Records to use.
*****
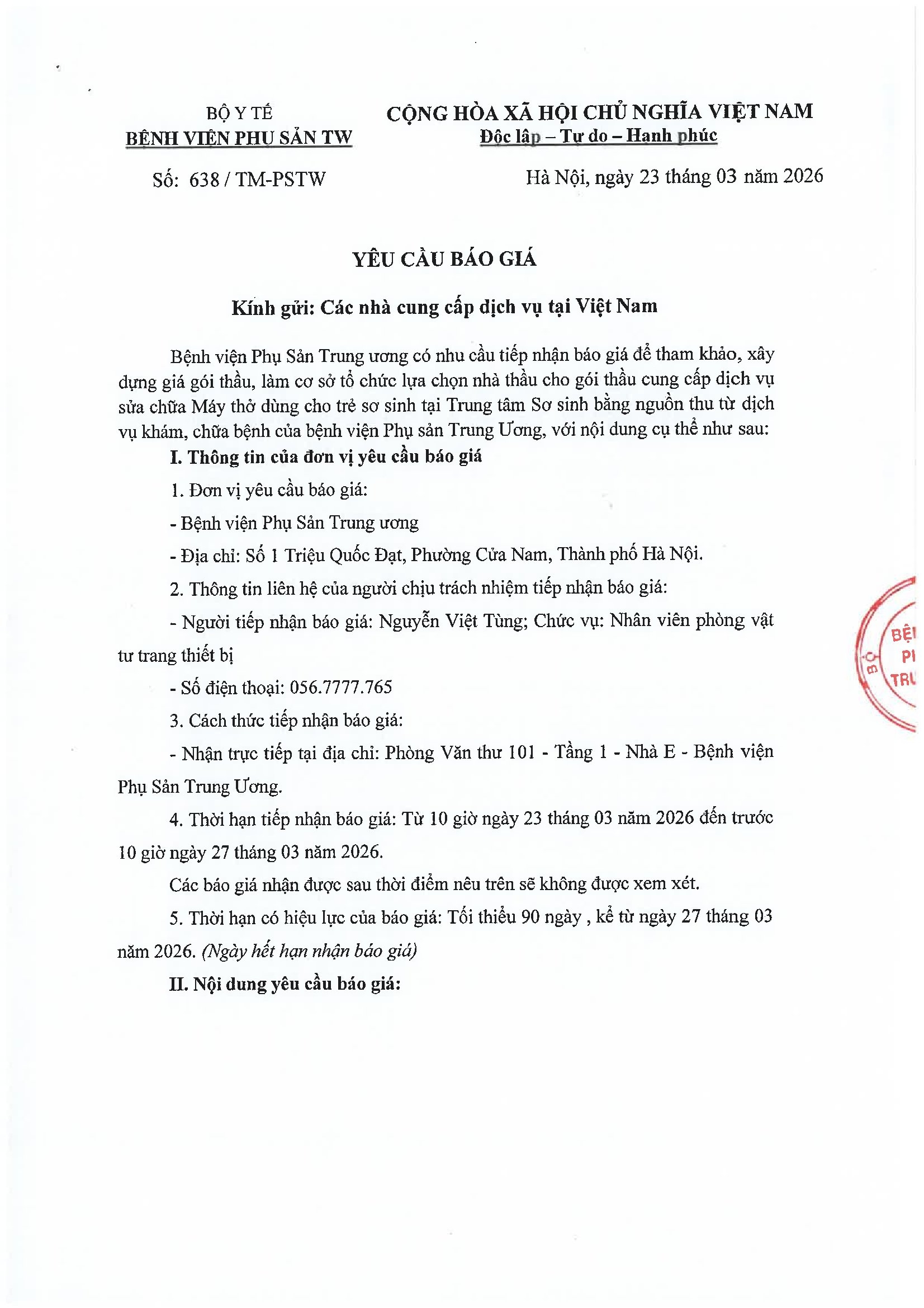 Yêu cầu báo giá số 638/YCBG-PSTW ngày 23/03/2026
*****
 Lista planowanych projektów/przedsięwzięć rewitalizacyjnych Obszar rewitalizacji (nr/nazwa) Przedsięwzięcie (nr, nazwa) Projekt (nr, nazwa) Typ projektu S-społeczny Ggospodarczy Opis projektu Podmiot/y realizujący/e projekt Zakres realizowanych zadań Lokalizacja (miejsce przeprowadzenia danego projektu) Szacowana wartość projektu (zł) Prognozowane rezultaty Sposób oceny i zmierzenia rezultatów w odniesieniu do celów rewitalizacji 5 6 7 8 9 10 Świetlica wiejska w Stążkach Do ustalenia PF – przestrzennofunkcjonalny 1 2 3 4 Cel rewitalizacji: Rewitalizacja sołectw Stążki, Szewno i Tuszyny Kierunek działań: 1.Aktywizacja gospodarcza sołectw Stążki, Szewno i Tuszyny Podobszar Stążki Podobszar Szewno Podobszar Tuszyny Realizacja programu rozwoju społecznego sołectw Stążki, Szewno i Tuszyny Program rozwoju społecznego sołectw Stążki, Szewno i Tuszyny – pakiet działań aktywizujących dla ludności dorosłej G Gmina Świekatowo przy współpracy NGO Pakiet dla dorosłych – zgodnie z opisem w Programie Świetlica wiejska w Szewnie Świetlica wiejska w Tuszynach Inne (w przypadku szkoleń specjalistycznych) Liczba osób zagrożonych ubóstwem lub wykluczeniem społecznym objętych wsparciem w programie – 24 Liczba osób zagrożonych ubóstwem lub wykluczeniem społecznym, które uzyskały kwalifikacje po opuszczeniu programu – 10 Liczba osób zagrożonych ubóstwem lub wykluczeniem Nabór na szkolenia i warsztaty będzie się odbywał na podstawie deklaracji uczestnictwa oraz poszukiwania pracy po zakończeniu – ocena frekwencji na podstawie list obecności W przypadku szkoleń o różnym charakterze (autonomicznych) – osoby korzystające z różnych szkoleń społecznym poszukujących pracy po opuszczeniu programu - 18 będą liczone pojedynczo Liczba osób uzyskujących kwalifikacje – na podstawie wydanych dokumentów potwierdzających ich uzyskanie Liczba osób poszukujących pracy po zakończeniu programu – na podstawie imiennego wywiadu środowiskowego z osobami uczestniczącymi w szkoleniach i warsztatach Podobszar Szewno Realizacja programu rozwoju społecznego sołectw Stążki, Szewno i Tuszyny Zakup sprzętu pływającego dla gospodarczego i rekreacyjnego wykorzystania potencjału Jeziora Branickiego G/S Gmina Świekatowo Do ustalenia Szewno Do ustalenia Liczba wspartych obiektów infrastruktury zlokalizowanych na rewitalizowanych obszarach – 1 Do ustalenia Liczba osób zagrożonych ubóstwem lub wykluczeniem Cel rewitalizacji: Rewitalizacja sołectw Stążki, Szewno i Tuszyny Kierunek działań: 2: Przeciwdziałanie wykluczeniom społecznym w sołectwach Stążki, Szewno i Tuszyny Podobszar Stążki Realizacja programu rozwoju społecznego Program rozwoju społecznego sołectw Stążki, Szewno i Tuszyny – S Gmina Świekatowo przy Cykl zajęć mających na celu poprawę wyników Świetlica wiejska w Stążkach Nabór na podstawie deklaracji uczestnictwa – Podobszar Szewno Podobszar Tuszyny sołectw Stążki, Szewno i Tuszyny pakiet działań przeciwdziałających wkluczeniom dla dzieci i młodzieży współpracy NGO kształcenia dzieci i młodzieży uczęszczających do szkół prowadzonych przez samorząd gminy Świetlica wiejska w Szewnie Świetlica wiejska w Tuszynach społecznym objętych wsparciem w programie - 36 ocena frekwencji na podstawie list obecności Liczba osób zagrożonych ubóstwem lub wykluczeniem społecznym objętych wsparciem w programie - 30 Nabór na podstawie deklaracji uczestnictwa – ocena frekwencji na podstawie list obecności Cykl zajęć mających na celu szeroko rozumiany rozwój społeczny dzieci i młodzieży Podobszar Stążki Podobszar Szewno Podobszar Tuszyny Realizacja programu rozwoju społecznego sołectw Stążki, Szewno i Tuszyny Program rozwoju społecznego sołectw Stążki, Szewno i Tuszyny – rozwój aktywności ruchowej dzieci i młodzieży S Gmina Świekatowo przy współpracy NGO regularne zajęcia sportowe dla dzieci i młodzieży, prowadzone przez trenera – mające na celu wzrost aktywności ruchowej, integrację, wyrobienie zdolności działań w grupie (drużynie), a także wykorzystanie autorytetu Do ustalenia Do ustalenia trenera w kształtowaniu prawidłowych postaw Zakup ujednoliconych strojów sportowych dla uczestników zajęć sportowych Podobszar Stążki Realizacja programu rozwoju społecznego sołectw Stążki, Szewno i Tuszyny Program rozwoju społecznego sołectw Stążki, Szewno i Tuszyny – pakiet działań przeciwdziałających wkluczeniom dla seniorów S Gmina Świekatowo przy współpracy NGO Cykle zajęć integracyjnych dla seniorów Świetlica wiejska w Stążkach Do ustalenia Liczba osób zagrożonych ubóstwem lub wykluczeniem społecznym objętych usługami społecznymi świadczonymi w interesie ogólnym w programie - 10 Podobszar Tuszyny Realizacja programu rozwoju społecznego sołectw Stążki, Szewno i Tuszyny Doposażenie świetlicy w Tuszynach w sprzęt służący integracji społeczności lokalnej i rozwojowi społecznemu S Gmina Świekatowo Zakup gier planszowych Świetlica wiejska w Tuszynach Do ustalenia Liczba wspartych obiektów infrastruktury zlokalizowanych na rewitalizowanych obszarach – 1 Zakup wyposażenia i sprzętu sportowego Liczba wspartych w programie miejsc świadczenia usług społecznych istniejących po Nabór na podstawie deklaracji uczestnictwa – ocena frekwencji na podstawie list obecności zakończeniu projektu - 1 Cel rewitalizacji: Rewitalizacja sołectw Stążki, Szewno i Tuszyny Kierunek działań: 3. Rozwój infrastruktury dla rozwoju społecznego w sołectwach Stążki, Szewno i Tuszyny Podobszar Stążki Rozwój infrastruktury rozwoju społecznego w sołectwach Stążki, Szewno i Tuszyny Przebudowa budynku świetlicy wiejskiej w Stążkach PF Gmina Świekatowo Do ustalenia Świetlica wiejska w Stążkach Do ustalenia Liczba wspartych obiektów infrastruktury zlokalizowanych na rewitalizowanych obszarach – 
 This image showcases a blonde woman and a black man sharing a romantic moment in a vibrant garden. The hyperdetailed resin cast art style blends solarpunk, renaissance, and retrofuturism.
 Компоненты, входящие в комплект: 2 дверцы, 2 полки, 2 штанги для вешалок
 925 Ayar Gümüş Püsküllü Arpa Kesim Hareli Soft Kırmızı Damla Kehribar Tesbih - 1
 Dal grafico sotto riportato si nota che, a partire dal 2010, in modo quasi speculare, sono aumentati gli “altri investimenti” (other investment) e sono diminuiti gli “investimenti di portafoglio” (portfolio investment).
*****
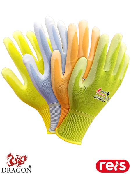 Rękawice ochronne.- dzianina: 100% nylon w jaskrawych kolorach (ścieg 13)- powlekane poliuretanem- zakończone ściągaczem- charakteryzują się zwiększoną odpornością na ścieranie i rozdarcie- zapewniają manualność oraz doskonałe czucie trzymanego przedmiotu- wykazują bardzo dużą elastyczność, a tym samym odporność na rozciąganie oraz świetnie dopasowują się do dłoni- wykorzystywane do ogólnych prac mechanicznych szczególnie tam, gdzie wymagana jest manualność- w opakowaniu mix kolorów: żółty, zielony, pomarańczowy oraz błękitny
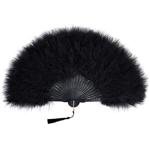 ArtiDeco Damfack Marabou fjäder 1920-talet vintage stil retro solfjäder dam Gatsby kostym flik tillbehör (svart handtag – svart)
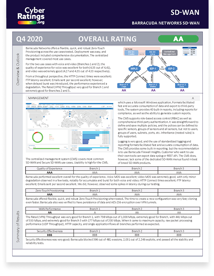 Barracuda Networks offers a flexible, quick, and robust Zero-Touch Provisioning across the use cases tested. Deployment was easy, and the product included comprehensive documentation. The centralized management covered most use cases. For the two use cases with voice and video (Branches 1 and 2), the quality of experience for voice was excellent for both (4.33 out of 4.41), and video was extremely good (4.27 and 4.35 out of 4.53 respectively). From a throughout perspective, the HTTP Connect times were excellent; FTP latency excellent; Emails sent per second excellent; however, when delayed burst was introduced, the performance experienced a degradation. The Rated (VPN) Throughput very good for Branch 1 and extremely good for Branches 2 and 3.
*****
Work item. Lines wanted from the listing above: the line with "This image showcases" up to and including the line with "Dal grafico sotto". Please write them out exactly, adding nothing else.

Your solution.
 This image showcases a blonde woman and a black man sharing a romantic moment in a vibrant garden. The hyperdetailed resin cast art style blends solarpunk, renaissance, and retrofuturism.
 Компоненты, входящие в комплект: 2 дверцы, 2 полки, 2 штанги для вешалок
 925 Ayar Gümüş Püsküllü Arpa Kesim Hareli Soft Kırmızı Damla Kehribar Tesbih - 1
 Dal grafico sotto riportato si nota che, a partire dal 2010, in modo quasi speculare, sono aumentati gli “altri investimenti” (other investment) e sono diminuiti gli “investimenti di portafoglio” (portfolio investment).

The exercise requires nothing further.